In our BEA 2024 paper we introduced variants of our original English dataset in German, Spanish, Romanian, and Russian. The multilingual datasets are generated with the same recipe, but you need to provide the language ID to c4200m_get_target_sentences.py
:
python c4200m_get_target_sentences.py multilingual/ro.tsv ro.target_sentences.tsv ro &> ro.get_target_sentences.log
The entry point to the multilingual annotation toolkit is annotate.py
:
$ echo -e "I goed to the storr.\tI went to the store." | python3 -m merrant.annotate
S I goed to the storr.
A 2 6|||R:VERB:INFL|||went|||REQUIRED|||-NONE-|||0
A 14 19|||R:SPELL|||store|||REQUIRED|||-NONE-|||0
The corruption edits in this dataset are licensed under CC BY 4.0.
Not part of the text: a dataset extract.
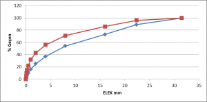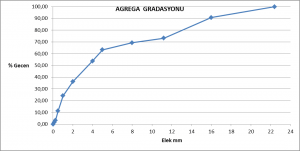 C25 betonda maksimum dane boyutu 22,4mm olup ts 802 göre elek analizi agrega gradasyonun grafik 5-6‘ da gösterilmiştir.

If you found this dataset useful, please cite our papers:
Original English dataset (BEA 2021 paper):
@inproceedings{stahlberg-kumar-2021-synthetic,
title = "Synthetic Data Generation for Grammatical Error Correction with Tagged Corruption Models",
author = "Stahlberg, Felix and Kumar, Shankar",
booktitle = "Proceedings of the 16th Workshop on Innovative Use of NLP for Building Educational Applications",
month = apr,
year = "2021",
address = "Online",
publisher = "Association for Computational Linguistics",
url = "https://www.aclweb.org/anthology/2021.bea-1.4",
pages = "37--47",
}
Multilingual dataset in German, Spanish, Romanian, and Russian (BEA 2024 paper):
@inproceedings{stahlberg-kumar-2024-synthetic,
title = "Synthetic Data Generation for Low-resource Grammatical Error Correction with Tagged Corruption Models",
author = "Stahlberg, Felix and
Kumar, Shankar",
booktitle = "Proceedings of the 19th Workshop on Innovative Use of NLP for Building Educational Applications (BEA 2024)",
month = jun,
year = "2024",
address = "Mexico City, Mexico",
publisher = "Association for Computational Linguistics",
url = "https://aclanthology.org/2024.bea-1.2",
pages = "11--16",
}
This is not an officially supported Google product.